Being an LSM storage engine, a set of background threads are used for compaction, and compaction is a process of combining a set of SST files and generating new SST files with overwritten keys and deleted keys purged from the output files. Compaction needs a lot of compute resources. The higher the write rate into the database, the more compute resources are needed for compaction, because the system is stable only if compaction is able to keep up with new writes to your database.
The problem when compute and storage are not disaggregated
In a typical RocksDB-based system, compaction occurs on CPUs that are local on the server that hosts the storage as well. In this case, compute and storage are not disaggregated. And this means that if your write rate increases but the total size of your database remains the same, you would have to dynamically provision more servers, spread your data into all those servers and then leverage the additional compute on these servers to keep up with the compaction load.
This has two problems:
- Spreading your data into more servers is not instantaneous because you have to copy a lot of data to do so. This means you cannot react quickly to a fast-changing workload.

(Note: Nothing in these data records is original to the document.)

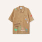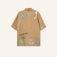 The Aleta shirt is a unisex piece with a boxy fit and short sleeves, available in three different colorways, each with unique embroidery. One version features delicate cornflowers, wheat, and wildflowers, while another showcases an intricate fish design. The third option, in light brown, is adorned with playful embroidery of snakes, mushrooms, snails, and other whimsical creatures.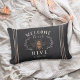 Bem-vindos convidados com este travesseiro decorativo de tema de abelhas bonitinho, com uma ilustração de abelhas do estilo vintage, enfeitada com folhas botânicas e detalhes de cordas. "Bem-vindos à nossa colmeia" aparece em letras de marfim. Personalize com o seu nome de família na parte inferior.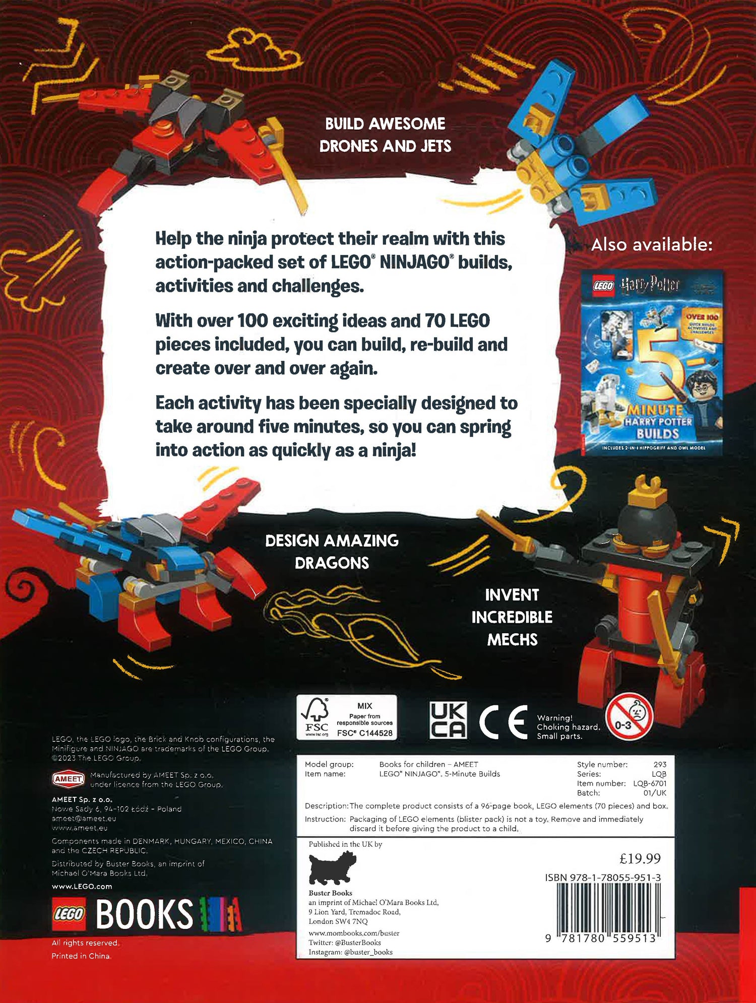 From drones and jets to dragons and mechs, each exclusive LEGO NINJAGO model has been specially designed to take around five minutes to build, so your LEGO builds spring into life as quickly as a ninja!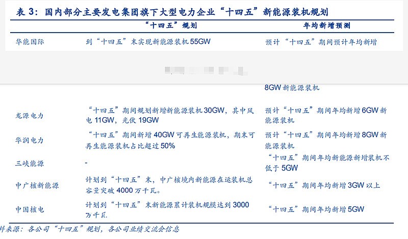 关于十四五,中国核电已出具新能源装机规划,“十四五”期间新能源装机预计年均新 增 5GW,装机增量处于国内第一梯队。预计同时,受到 2016-2018 年核 电审批暂停的影响,公司 2022-2023 年核电投运将进入平台期。新能源机组的大规模投产将为公司业绩增长起到较好的弥补作用,保障公司在 2022-2023 年新投产核电机组较少的阶段业绩稳步向上。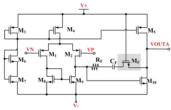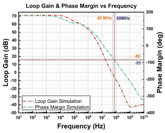 Referring to Figure 5, the integrated MF acts as an AMC for the high-gain op-amp. Operating comfortably in the saturation region due to high overdrive gate voltage from VDD contributes to higher active RC, which is inherited from MF. Higher RC moves the dominant pole away towards low frequency, thus improving the phase margin. Figure 7 illustrates the simulation results of the two-stage op-amp’s corresponding open-loop gain and phase margin. The maximum achieved is 64 dB with a phase margin of 60°.

- The storage capacity utilization on each of your servers becomes very low because you are spreading out your data to more servers. You lose out on the price-to-performance ratio because of all the unused storage on your servers.
The primary reason why RocksDB-Cloud is suitable for separating out compaction compute and storage is because it is an LSM storage engine. Unlike a B-Tree database, RocksDB-Cloud never updates an SST file once it is created. This means that all the SST files in the entire system are read-only except the miniscule portion of data in your active memtable. RocksDB-Cloud persists all SST files in a cloud storage object store like S3, and these cloud objects are safely accessible from all your servers because they are read-only.
So, our idea is that if a RocksDB-Cloud server A can encapsulate a compaction job with its set of cloud objects and then send the request to a remote stateless server B—and that server B can fetch the relevant objects from the cloud store, do the compaction, produce a set of output SST files which are written back to the cloud object store, and then communicate that information back to server A—we have essentially separated out the storage (which resides in server A) from the compaction compute (which resides in server B). Server A has the storage and while server B has no permanent storage but only the compute needed for compaction. Voila!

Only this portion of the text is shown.